▶ _SUPPLIED DATA_:

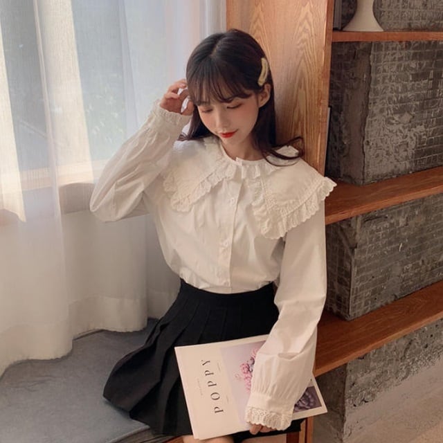 【送料無料】ブラウス シャツ トップス レース キレイ目 上品 長袖 ゆったり 無地 シンプル フェミニン ガーリー 大人可愛い お出かけ デート 普段使い 着回し デイリー TP-212IU
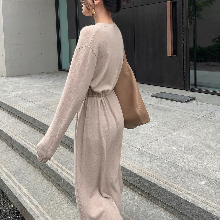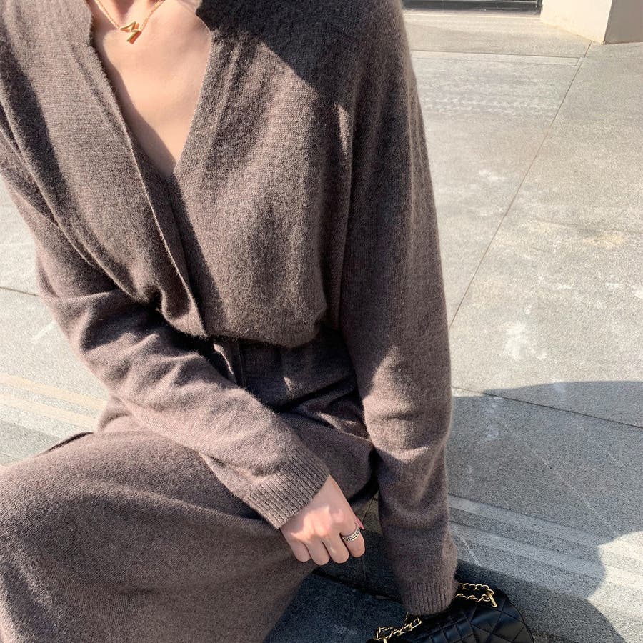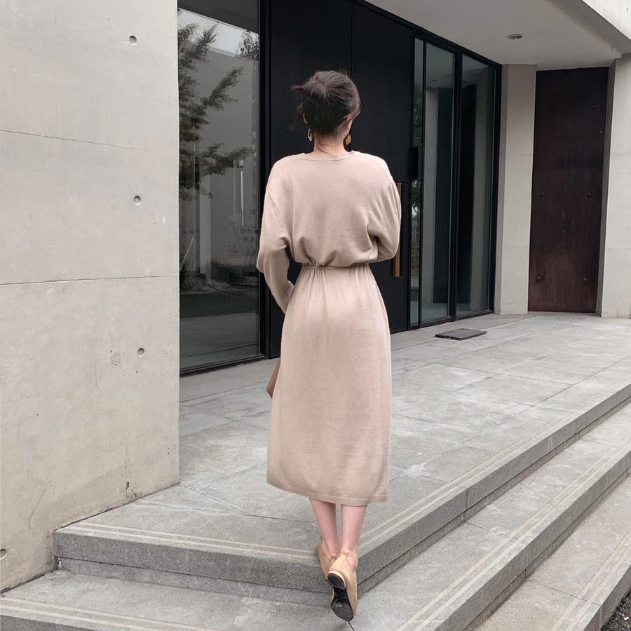 しなやかな落ち感のあるニット素材を使用したVネックワンピース。
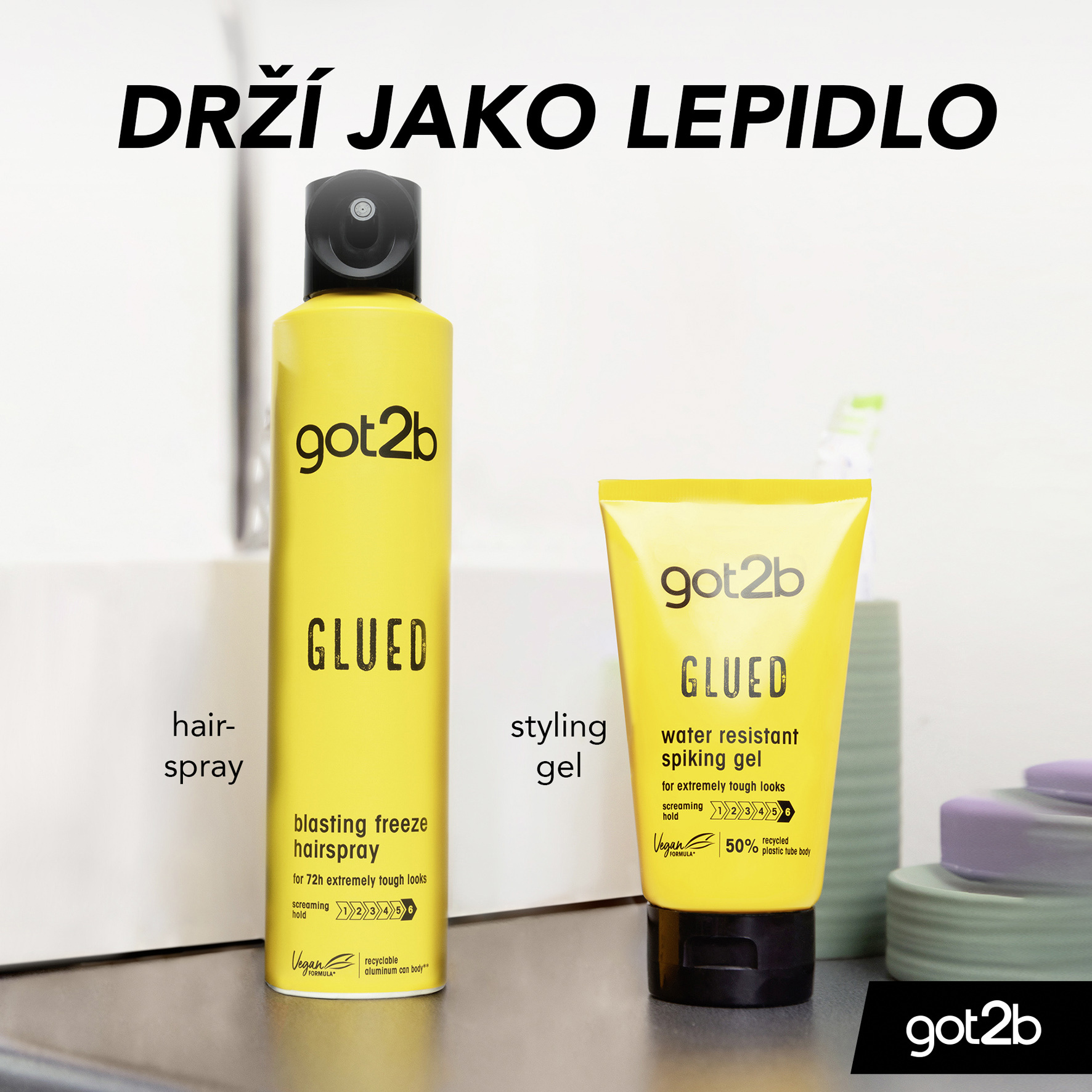 - Glued Blastin Freeze lak na vlasy: Používá se jako sprej, drží jako lepidlo! Lak na vlasy got2b Glued Blasting Freeze zafixuje odvážné účesy až do dalšího mytí
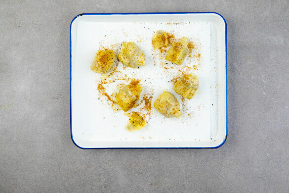 Die Artischocken mit der ½ des Currypulvers oder mehr nach Geschmack, 1EL Olivenöl sowie je 1 Prise Salz und Pfeffer vermengen und auf einem weiteren mit Backpapier ausgelegten Backblech verteilen. Im Ofen auf einer unteren Schiene ca. 25Min. rösten.
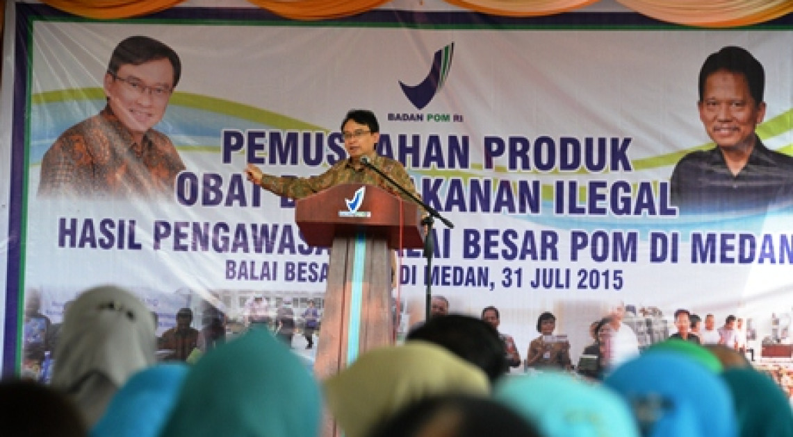 Jumat (31/07), bertempat di halaman kantor Balai Besar POM (BBPOM), Jl. Willem Iskandar, Pasar V Barat I No.2, Medan Estate, Kepala Badan POM bersama Kepala BBPOM di Medan, didampingi Perwakilan Pemerintah Provinsi Sumatera Utara, Kepolisian Daerah, Kejaksaan Tinggi Sumatera Utara, Kepala Dinas Kesehatan, serta Kepala Dinas Perdagangan Provinsi Sumatera Utara melakukan pemusnahan Obat dan Makanan ilegal hasil pengawasan BBPOM di Medan selama tahun 2014.
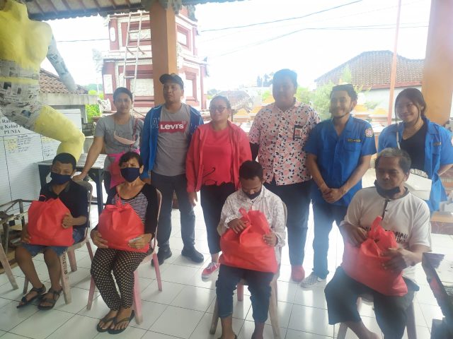 Usai pelantikan kepengurusan, Karang Taruna Sutamandala Kelurahan Peguyangan melaksanakan kegiatan sosial yakni menyerahkan bantuan sembako 100 paket kepada penyandang disabilitas dan anak yatim piatu di 13 banjar di Kelurahan Peguyangan, Sabtu (11/2).
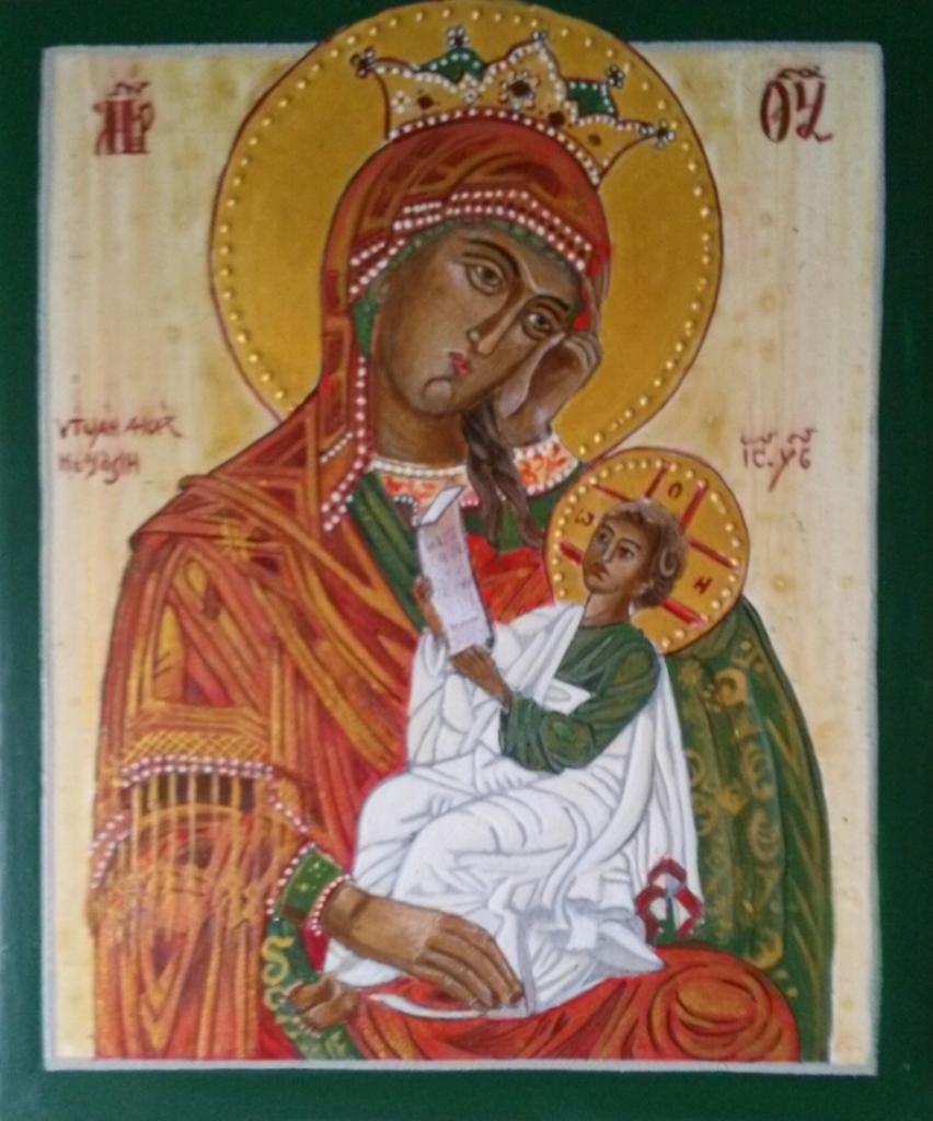 Moeder Kind Gods Tempera Ikoon Goud Rood Groen
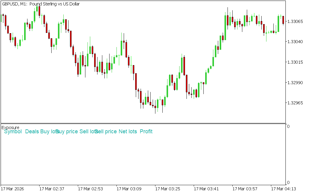 The Exposure Indicator is not a technical analysis tool for predicting market direction. Instead, it focuses on trade monitoring and risk tracking by pulling data from your trading terminal and displaying it visually on your chart.
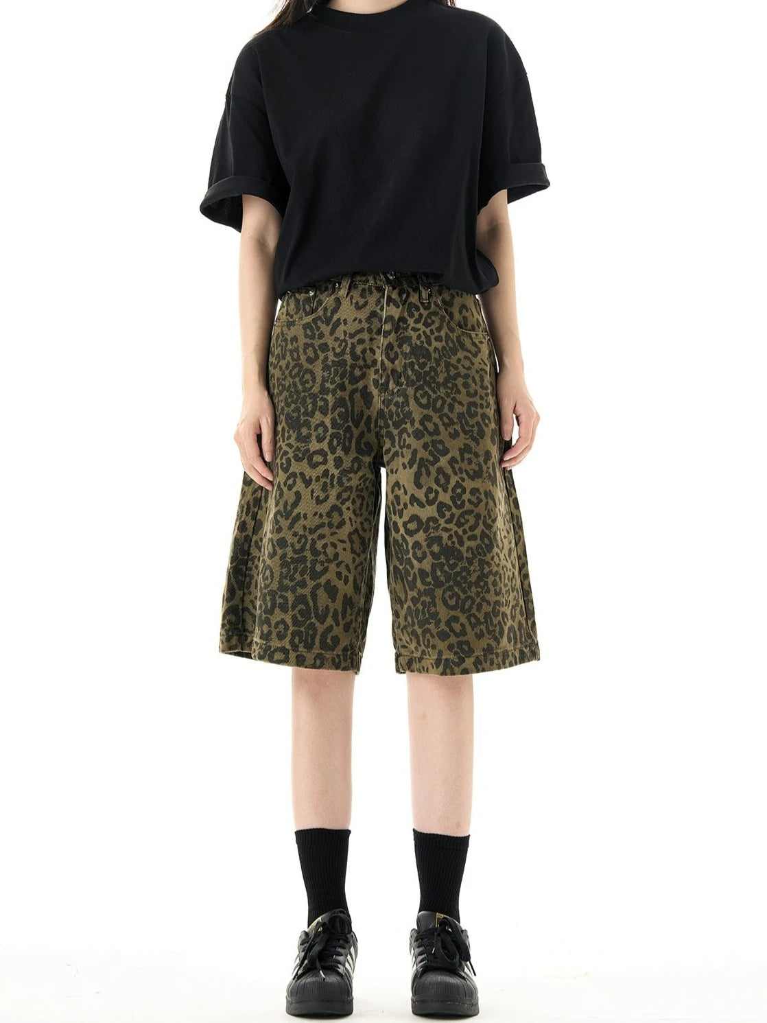 These stylish denim Bermuda shorts offer a high waist and loose straight fit, perfectly blending casual ease with a touch of vintage Americana. The breathable denim fabric is adorned with a striking leopard print, giving your outfit an instant edge while keeping you cool during warm-weather outings. The washed denim finish adds a moody, nonchalant sophistication to this statement piece.

▶ _TASK TO COMPLETE_:
Leave the pictures aside. Set down exactly the lines from the one with "Usai pelantikan kepengurusan, Karang" through the final line of the listing above.

▶ _COMPLETED EXERCISE_:
 Usai pelantikan kepengurusan, Karang Taruna Sutamandala Kelurahan Peguyangan melaksanakan kegiatan sosial yakni menyerahkan bantuan sembako 100 paket kepada penyandang disabilitas dan anak yatim piatu di 13 banjar di Kelurahan Peguyangan, Sabtu (11/2).
 Moeder Kind Gods Tempera Ikoon Goud Rood Groen
 The Exposure Indicator is not a technical analysis tool for predicting market direction. Instead, it focuses on trade monitoring and risk tracking by pulling data from your trading terminal and displaying it visually on your chart.
 These stylish denim Bermuda shorts offer a high waist and loose straight fit, perfectly blending casual ease with a touch of vintage Americana. The breathable denim fabric is adorned with a striking leopard print, giving your outfit an instant edge while keeping you cool during warm-weather outings. The washed denim finish adds a moody, nonchalant sophistication to this statement piece.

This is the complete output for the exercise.